9 p.m., Fireworks display
Sept. 25 -- 11 a.m., Community church service.
1:30 p.m., "Spiritual and Earthly Freedoms" program, featuring Mr. and Mrs. Walter Marr as Abraham and Mary Todd Lincoln.
2 to 4 p.m., "Polka Express."
5 to 7 p.m., "Billy and The Inmates."
7 to 9 p.m., "The Vogues."
The following children's activities also are scheduled:
Monday -- 6:30 to 7 p.m., Game Commission presentation.
Tuesday -- 6:30 to 7 p.m., Crafts and activities.
Wednesday -- 6:30 to 7 p.m., Crafts and activities.
Thursday -- 7 p.m., "Children of the World" sign language performance.
Sept. 23 -- 6 to 7:30 p.m., activities at First National Bank Parking Lot. Those attending may bring their cameras for photo opportunities with children's characters.
Sept. 24 -- 1 p.m., Parade on Franklin Street.
3 to 7 p.m., Crafts, activities and mystery contest.
Sept. 25 -- 1 to 5 p.m., Crafts.
For more information, call 724-254-9207 or log on to www.clymerpa.com .
If there is such a thing as a Clymerphile, Bob Zack surely is an outstanding example.
Born and raised in nearby Penn Run, Zack relocated to the borough of Clymer when he and his wife, the former Barb Clement, moved into the home of her late uncle, William "Giant" Oakes.
Zack was intrigued by some of the personal possessions left behind by Giant, including the cap he wore in 1936 as manager of the Clymer High School basketball team.
At about the same time, he met local historian John Busovicki and joined the committee which organizes the town's annual Clymer Days festival.
Admiring Busovicki's own array of old postcards and memorabilia from the town, Zack caught the collecting bug and ever since has been searching for any and all things Clymer-related.
"A lot of the things I have came through eBay or antique stores around here," Zack said. "My brother's an auctioneer, so he watches out for things I'd want."
His collection includes souvenir medallions depicting George Clymer, an early Indiana County patriot who signed the Declaration of Independence and lent his name to the borough.
Other items range from examples of the town's three past newspapers--the Herald, the Sun and the Shopper--to various promotional items issued by local merchants--including the Oakes Lumber Co,. which closed in the 1970s.

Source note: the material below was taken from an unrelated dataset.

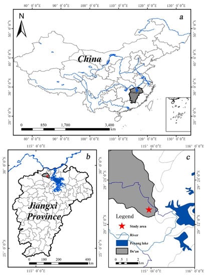 The location of the study area in the center of the red soil region in southern China. The study site was 15 km west from Poyang Lake, which is the largest freshwater lake in China. Three pictures show the study area: (a) A map of Jiangxi province in China; (b) the study area in Jiangxi province; (c) the position of the study area opposite the river system.

He's also filled display cases with local law enforcement paraphernalia--including the badges his brothers-in-law, Joe and William Clement, wore when each served separate stints as the town's police chief.
Among Zack's favorite items is the medical bag once used by the town's physician, Dr. William Evans, as well as a plaque the doctor received from the borough upon his retirement in 1992, after 44 years of service.

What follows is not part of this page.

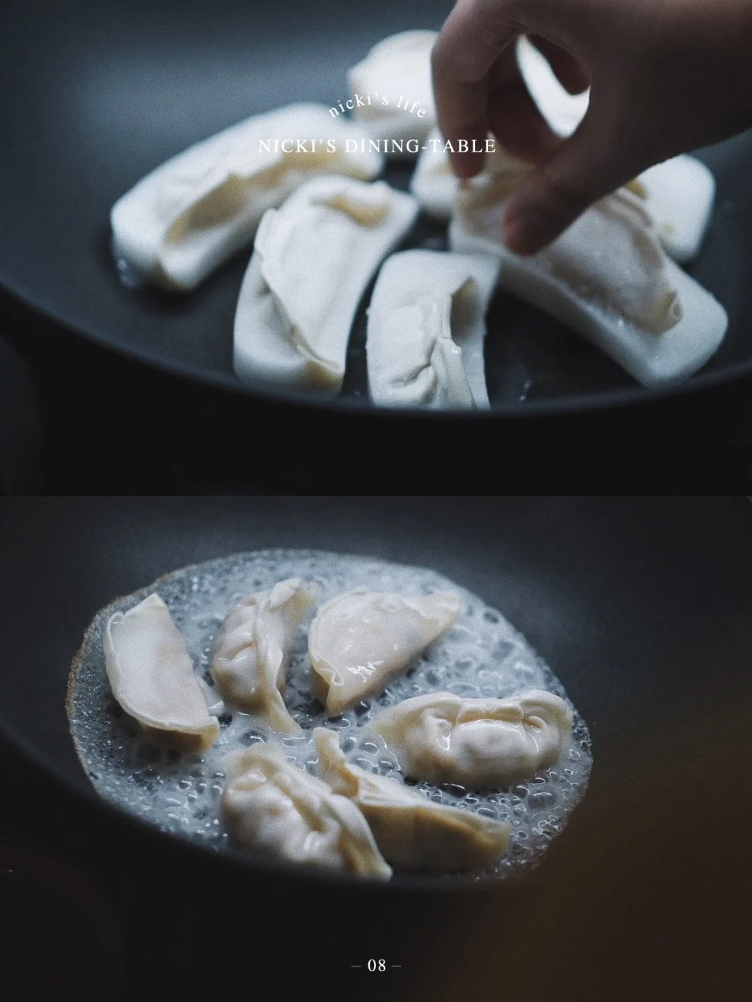 制作简单易操作,参考官方教学视频就可以啦:煎饺放平底锅,盖上锅盖5-6分钟焖煎,之后开盖转动锅底,让其受热均匀,用筷子轻轻夹起煎饺松动一下,调整好就可以拿盘子倒扣出锅了。

Another is a letter from TV and radio host Arthur Godfrey, who once worked in Clymer's mines for a short time after World War I, before he gained fame in Hollywood.
In the letter, Godfrey expressed regret that he could not attend the borough's Golden Jubilee celebration in 1955.

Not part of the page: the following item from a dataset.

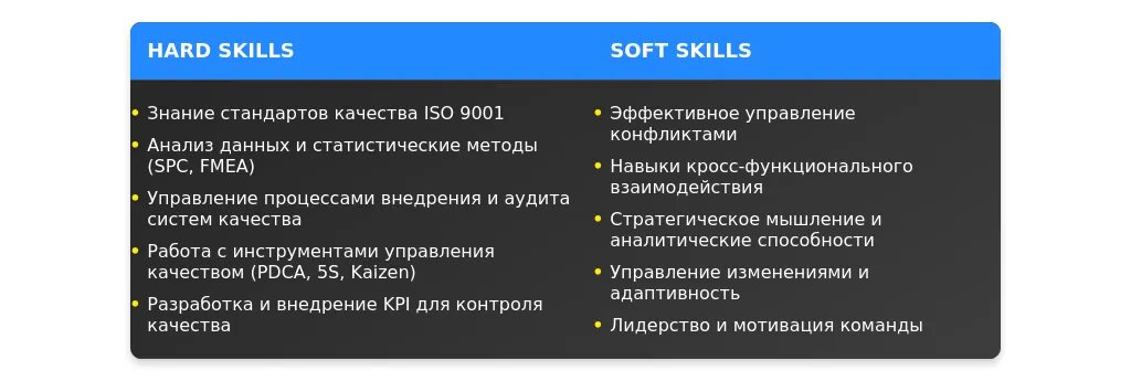 Ведущий специалист по качеству должен обладать следующими hard skills:

A member of the Clymer Fire Department, Zack's biggest project will be restoring for parade duty the department's old 1948 Seagrave fire engine, which he obtained from a Rochester Mills company which purchased it in 1989.
To find space for a garage to work on the emergency vehicle, Zack purchased a two-mile length of the town's old railroad right-of-way, near Sample Run Park, from salvage company operator Joe Kovalchick.
"I have to rebuild the engine and do some body work on it," he said of the truck.
In addition to signing part of the property over to the borough for a trail access, the deal spun off another idea: crafting his own Clymer memorabilia. He explained he retrieved some old spikes from the rail line and turned them into 100 collectible knives.
"I probably put 200 hours of time into them," he said. "The first ones I heated up with a torch and hammered down. Then I bought a gas forge, so I could do six at a time."
Among the most recent addition to his collection are three examples of bank notes issued by the Clymer National Bank, including one he purchased from a fellow firefighter.
He explained, "During the Depression, national banks were allowed to print their own money," under federal auspices.